III Sospechas
«Las mujeres son secretistas por
naturaleza, y les gusta practicar el secreto por su cuenta»
Arthur Conan
Doyle
Jorge Martín estaba sentado en el sofá y
parecía contemplar obnubilado la televisión cuando su mujer entró
en la sala de estar. Un par de años más joven que su marido, Sandra
Moreno era bajita y ligeramente entrada en carnes, aunque
repartidas con innegable acierto a lo largo de su anatomía,
confiriéndole una figura curvilínea muy del agrado de Jorge.

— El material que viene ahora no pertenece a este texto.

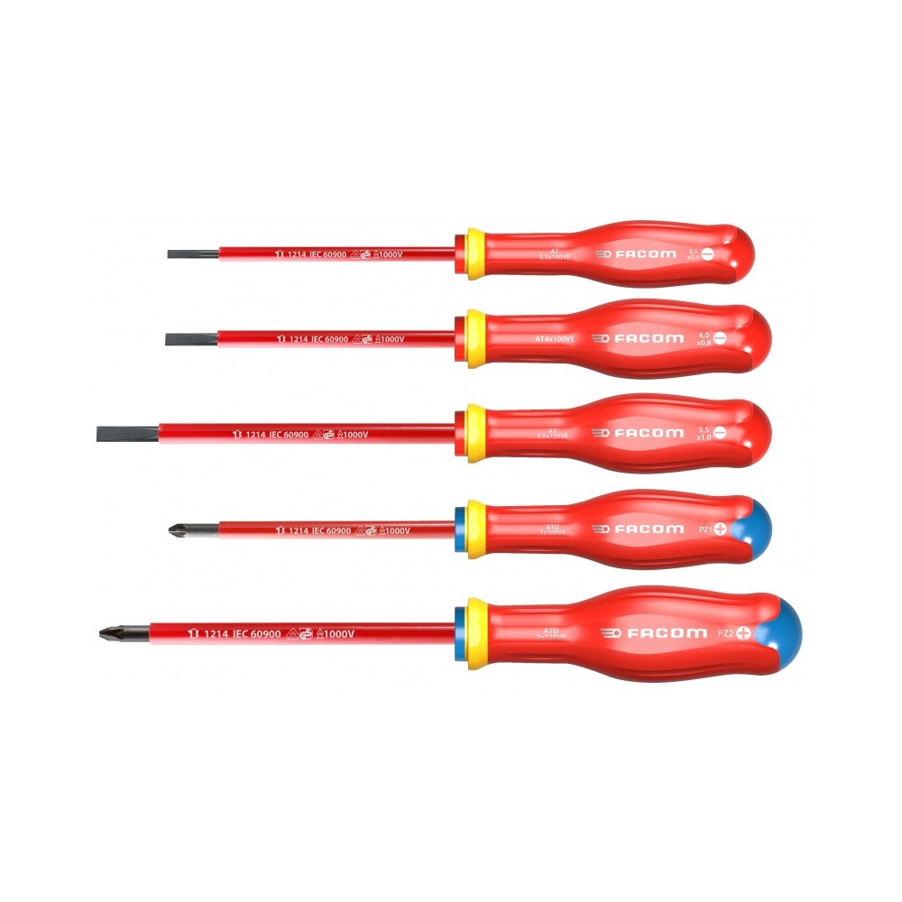 • Traitement thermique en ligne : + 100% de durée de vie et + 100% de résistance.• Matière du manche : Soft Grip pour plus de confort et toujours résistant aux produits chimiques.• Ergonomie optimisée du manche : + 10% de couple.• Marquage laser : pour une meilleure résistance à l'usure.• Usinage des empreintes par commande numérique : meilleure adaptation de la vis en augmentant le transfert de couple et en réduisant l'usure.• Livré en boîte..• Contenu : AT2.5X75VE - AT3X100VE - AT3.5X100VE - AT4X100VE - AT5.5X125VE - AT6.5X150VE - ATD1X100VE - ATD2X125VE

Llevaba una espesa media melena castaño claro que le sentaba muy
bien a su redondeada aunque no especialmente bonita cara. Traía en
la mano un par de periódicos y una bolsa con una barra de pan y una
docena de huevos.
—¿Ya has vuelto? —preguntó extrañada,
mientras posaba los periódicos sobre la vieja mesa de madera—. ¿Qué
te ha pasado?
—Hola, cariño —respondió Jorge, sin apenas
despegar la vista del televisor—. Yo también me alegro de
verte.
Sandra hizo un gesto de contrariedad y se
dirigió a la cocina a dejar el pan y los huevos, al tiempo que
preguntaba:
—No me has contestado. ¿Qué te ha pasado,
cómo has vuelto tan pronto?
Jorge no se sentía con muchas ganas de
conversar.
—Nada —balbuceó—. ¿Qué me habría de pasar?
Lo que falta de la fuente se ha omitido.